The stack in one sentence
agent-mesh enforces what agents can do. mem7 remembers what happened. agent7 shows it all and lets humans intervene.
Design principles
- Each project works alone. agent-mesh without mem7 still enforces policies. mem7 without agent-mesh is a standalone memory server. agent7 without the others is a governance dashboard. Integration is opt-in, not required.
- Open-source runtime, product on top. agent-mesh and mem7 are MIT/Apache — free, adoptable, no lock-in. agent7 is the management plane that makes them manageable at scale. That's where the business model sits.
- Decisions are facts. When a human approves an action or a supervisor auto-resolves a request, that decision is stored as a queryable fact in mem7. It doesn't vanish into a log file.
- Write path matters more than read path. The system becomes valuable when events automatically flow between components — not when a human manually checks dashboards.
Components
agent-mesh (runtime / data plane)
Go binary. Sidecar proxy between agents and their tools.
| What it does | How |
|---|---|
| Policy enforcement | YAML rules: allow, deny, human_approval per tool per agent |
| Approval queue | Pending requests, resolve via API or Claude Code prompt |
| Rate limiting + loop detection | Per-agent, per-tool, configurable |
| Tracing | JSONL trace files, OTEL export, session tracking |
| Grants | Temporary sudo-like bypass for specific agents |
| Supervisor protocol | External process polls pending approvals, auto-resolves routine ones |
Transports: MCP stdio (Claude Code, Cursor) · MCP Streamable HTTP at POST /mcp (Anthropic Managed Agents, remote clients) · HTTP REST (POST /tool/{name})

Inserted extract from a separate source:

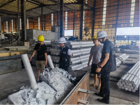 图为:5月5日检查组一行对锦洲卓越铝业有限公司进行现场督查
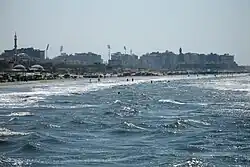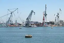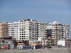 Port Said has been ranked the second among the Egyptian cities according to the Human Development Index in 2009 and 2010;[14] the economic base of the city is fishing and industries, like chemicals, ultra-processed food, and cigarettes. Port Said is also an important harbour for exports of Egyptian products like cotton and rice, and additionally a fueling station for ships that pass through the Suez Canal. It thrives on being a duty-free port, as well as a tourist resort especially during summer.[15] It is home to the Lighthouse of Port Said (the first building in the world built from reinforced concrete).

Current state: v0.9.0, stable, docs polished.
mem7 (memory substrate)
Go binary. MCP server for persistent, searchable, governed memory.
| What it does | How |
|---|---|
| Store/recall/search/forget | 7 MCP tools, markdown source of truth + SQLite FTS5 index |
| Hybrid search | BM25 + dense cosine (Ollama/OpenAI) + LLM reranking |
| Structured recall | memory_context returns JSON for SDK consumption |
| Tag-scoped access | Any agent reads/writes its own observations via tags |
| Temporal range queries | since / until filters on RFC3339 timestamps |
| Python SDK | pip install mem7, provider-agnostic, wraps all tools via HTTP |
Current state: v0.4.1, 71% LoCoMo benchmark, SDK + SSE transport + daemon mode shipped.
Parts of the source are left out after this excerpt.